Quinupristin/dalfopristin, or quinupristin-dalfopristin, (pronunciation: kwi NYOO pris tin / dal FOE pris tin) (trade name Synercid) is a combination of two antibiotics used to treat infections by staphylococci and by vancomycin-resistant Enterococcus faecium.

Quinupristin and dalfopristin are both streptogramin antibiotics, derived from pristinamycin. Quinupristin is derived from pristinamycin IA; dalfopristin from pristinamycin IIA. They are combined in a weight-to-weight ratio of 30% quinupristin to 70% dalfopristin.

Administration
Intravenous, usually 7.5 mg/kg every 8 hours (infections/life threatening VRSA); every 12 hours (skin infections).
No renal dosing adjustments, hepatic dosing adjustments are not defined, consider reducing dose.

Mechanism of action

Quinupristin and dalfopristin are protein synthesis inhibitors in a synergistic manner. While each of the two is only a bacteriostatic agent, the combination shows bactericidal activity.

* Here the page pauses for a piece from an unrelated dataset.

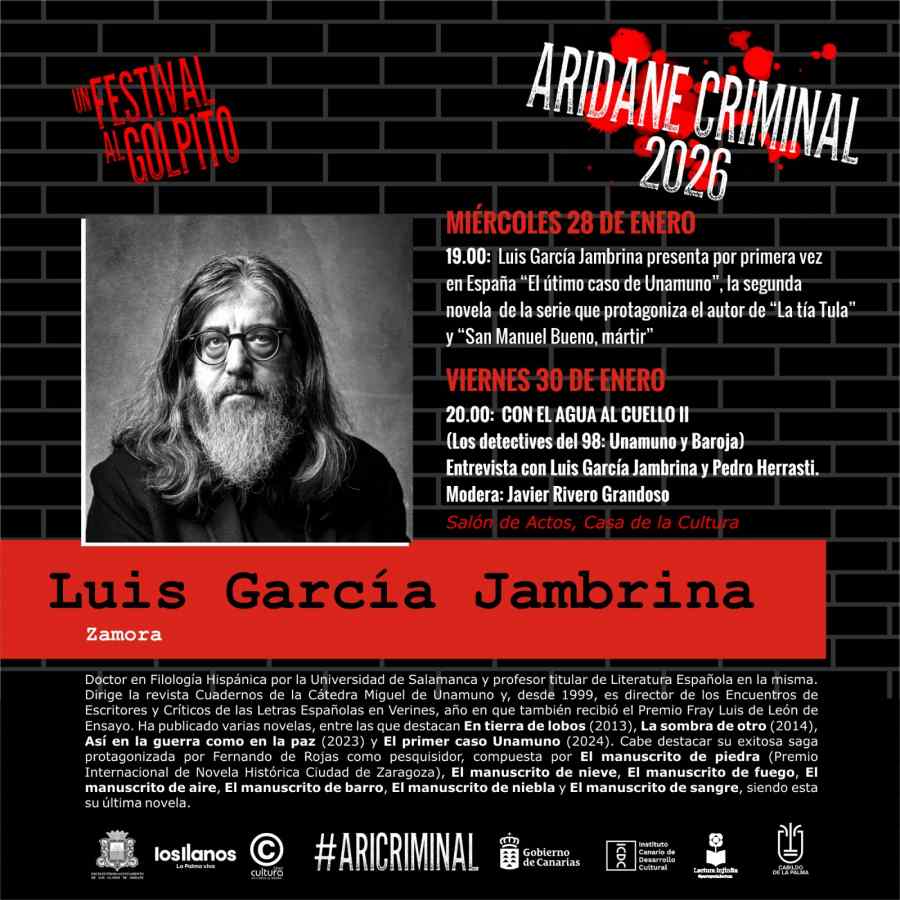 Luis García Jambrina presenta en primicia ‘El último caso de Unamuno en Aridane Criminal VI

Dalfopristin binds to the 23S portion of the 50S ribosomal subunit, and changes the conformation of it, enhancing the binding of quinupristin by a factor of about 100. In addition, it inhibits peptidyl transfer.
Quinupristin binds to a nearby site on the 50S ribosomal subunit and prevents elongation of the polypeptide, as well as causing incomplete chains to be released.

Pharmacokinetics
Clearance by the liver CYP450:3A4 inhibitor, half-life quinupristin 0.8 hours, dalfopristin 0.7 hours (with persistence of effects for 9–10 hours).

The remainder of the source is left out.